# Exercise description:
For this exercise, copy exactly the lines below from the one with "Conjunto de dos" through the one with "Ein gesunder, robuster" and leave out the pictures.

*** Extracted entries Section Begins ***

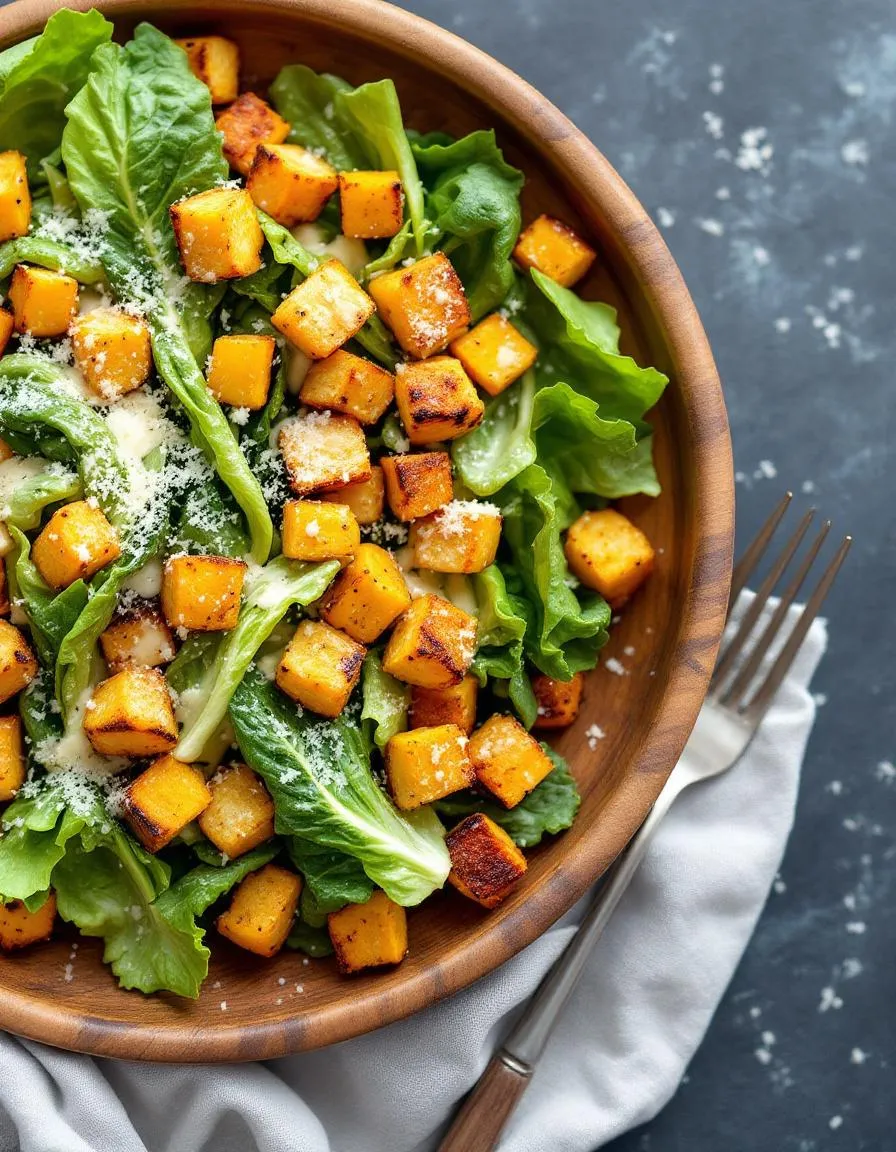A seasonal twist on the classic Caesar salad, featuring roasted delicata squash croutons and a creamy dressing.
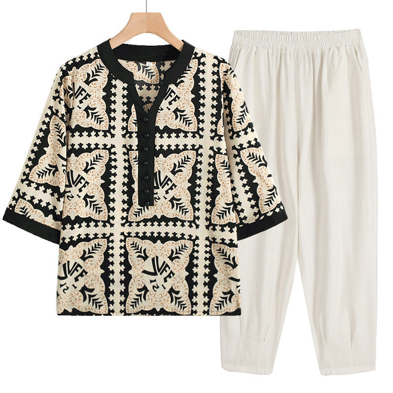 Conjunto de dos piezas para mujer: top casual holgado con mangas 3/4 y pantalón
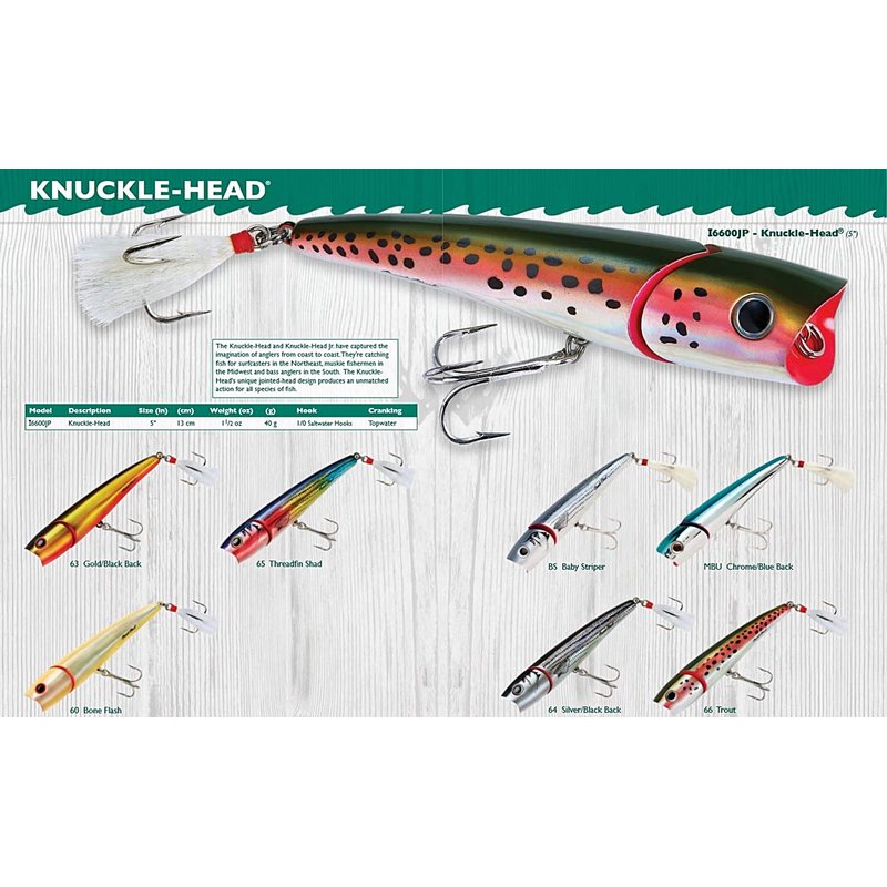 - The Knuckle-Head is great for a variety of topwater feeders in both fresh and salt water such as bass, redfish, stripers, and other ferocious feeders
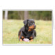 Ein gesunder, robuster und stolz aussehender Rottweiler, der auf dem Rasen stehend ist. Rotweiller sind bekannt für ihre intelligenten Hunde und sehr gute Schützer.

*** Extracted entries Section Ends ***
*** Extracted entries Section Begins ***

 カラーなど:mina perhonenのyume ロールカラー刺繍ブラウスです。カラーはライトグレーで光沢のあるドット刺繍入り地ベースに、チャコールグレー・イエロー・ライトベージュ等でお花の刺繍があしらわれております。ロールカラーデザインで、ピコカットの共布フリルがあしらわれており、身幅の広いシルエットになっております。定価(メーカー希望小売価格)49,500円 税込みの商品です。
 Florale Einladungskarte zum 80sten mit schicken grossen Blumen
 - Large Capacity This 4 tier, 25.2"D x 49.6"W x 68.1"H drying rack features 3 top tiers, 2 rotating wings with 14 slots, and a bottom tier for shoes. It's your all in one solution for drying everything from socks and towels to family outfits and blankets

*** Extracted entries Section Ends ***

# Written solution:
 Conjunto de dos piezas para mujer: top casual holgado con mangas 3/4 y pantalón
 - The Knuckle-Head is great for a variety of topwater feeders in both fresh and salt water such as bass, redfish, stripers, and other ferocious feeders
 Ein gesunder, robuster und stolz aussehender Rottweiler, der auf dem Rasen stehend ist. Rotweiller sind bekannt für ihre intelligenten Hunde und sehr gute Schützer.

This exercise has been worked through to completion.